In the novel, Isabella dies.
It happens in Chapter 400. During the Battle of the Red Tides, she takes a magical spear meant for Drakon. She dies in his arms, her last words being a joke about how he still owes her money. It was one of the few times Drakon cried. It was the moment he truly went insane and burned the world.
I looked at her face. She was wiping a drop of milk from my cheek with a silk handkerchief, looking down at me with a gaze that was no longer just annoyed—it was possessive. She had literally altered her body for me.
She's going to die. This soft, expensive pillow of a woman is going to die.
No.
I gripped her finger tighter.
I won't let that happen. Not because I care about the plot. Screw the plot. The plot is depressing.
I need her. Who else is going to feed me? Who else is going to teach me how to scam nobles?
Isabella is my survival ticket. She is my... well, she's my mom now.
And besides...
I looked past Isabella's shoulder at the deck of the Leviathan.
For a ship owned by the "King of Pirates," it was... weird.
There were piles of gold coins scattered in the corner like trash.
Drakon, now that the screaming had stopped, was drinking rum out of a jewel-encrusted goblet worth more than a modern-day Ferrari.
When he finished the rum, he frowned at the goblet. "Sticky," he grunted.

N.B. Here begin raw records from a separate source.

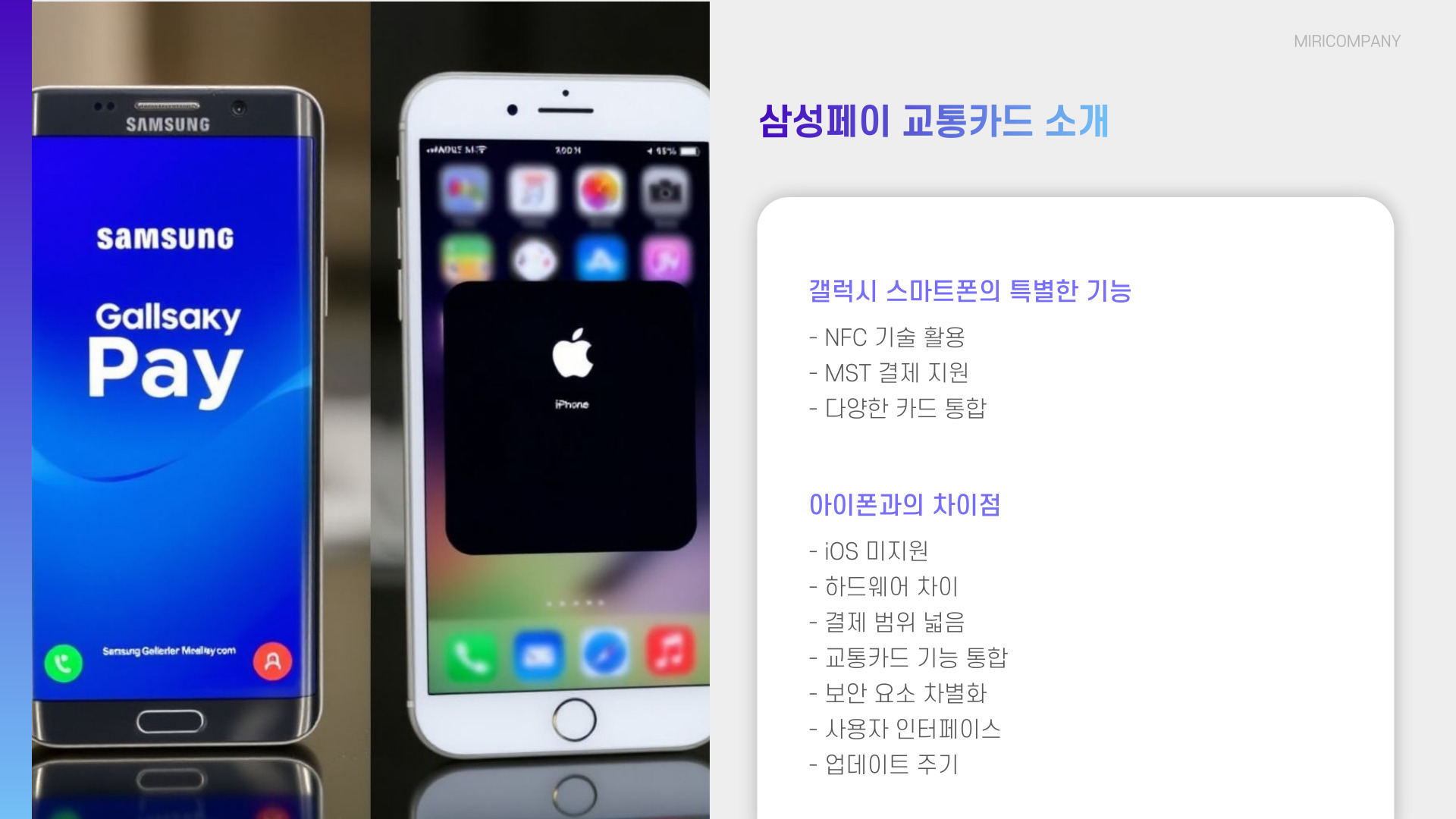 - 삼성페이는 NFC 기술을 기반으로 한 교통카드 서비스입니다.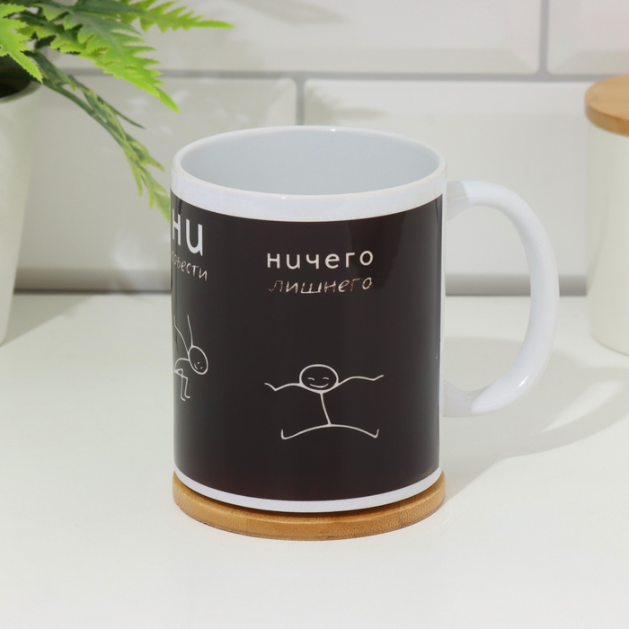 Кружка изготовлена из керамики. Рисунок нанесён методом сублимации, при котором краска проникает в верхний слой изделия, поэтому изображение получается стойким.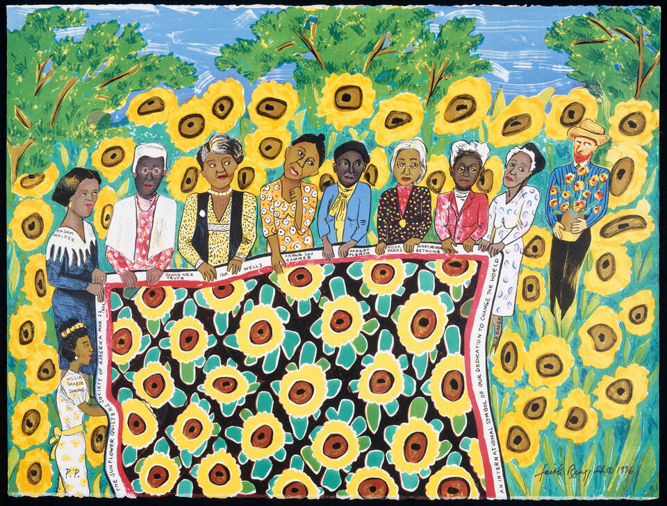 (Detail) Sunflower Quilting Bee at Arles, by Faith Ringgold, printed by the Rutgers Centre for Innovative Print and Paper, 1996, New Brunswick, United States. Museum no. E.879-2003. © Victoria and Albert Museum, London

Then, he threw the solid gold goblet overboard into the ocean.
My eyes widened. I almost choked on the milk.
Did... did he just throw that away? Because he didn't want to wash it?
I watched Ren sharpening his sword with a diamond the size of a fist.
I watched Gorak peeling potatoes, throwing the peels into a bucket made of pure silver.
Oh my god.
Realization hit me like a brick.
I remembered the other detail about Drakon's crew.
They were the strongest pirates in the world. They raided the richest kingdoms. They had literal mountains of treasure.
But they were always "broke."
Why?
Because they had the financial literacy of a hamster.
They spent money on ridiculous things. They threw away treasure because it was heavy. They bought cursed items that exploded.
That's why they were always fighting. They had to keep raiding just to buy food because they wasted everything else.
These idiots, I thought, my eyelids growing heavy. They are sitting on a fortune, but they live like hobos.
A spark lit up in my tiny brain.
I don't care about the Hero. I don't care about saving the world.
I just want one thing.
Retirement.
I want to buy a tropical island. I want a villa with AC (or magic cooling). I want to sleep on a bed made of money. And I want to do it all by the time I turn eighteen.
I looked at Drakon. Then at Isabella. Then at the crew.
They didn't need a warrior. They didn't need a mage.
They needed an Accountant.
And lucky for them, before I died, I was the manager of a very busy retail store. I knew how to pinch pennies. I knew how to audit.
I finished the milk, letting out a satisfied burp that made Isabella giggle.
Don't worry, Auntie Bella, I thought, closing my eyes as the food coma set in. I'm going to fix this ship. I'm going to make us so rich that we can buy the Hero's army and pay them to go away.
"She's falling asleep," Isabella whispered.
"Good," Drakon grunted, finally turning around. He poked my stomach gently. "She's full. Now... what do we do with it?"
"We raise her, you oaf," Isabella said softly, walking towards the cabin. "And we start by buying a crib. A gold one. With velvet lining."
No! My mind screamed as I drifted off. Not gold! Wood is cheaper! Invest the difference in stocks!
But the sleep was too strong. My first day as the Pirate King's daughter was over.
The first step is to survive. Second step is to monetize everything.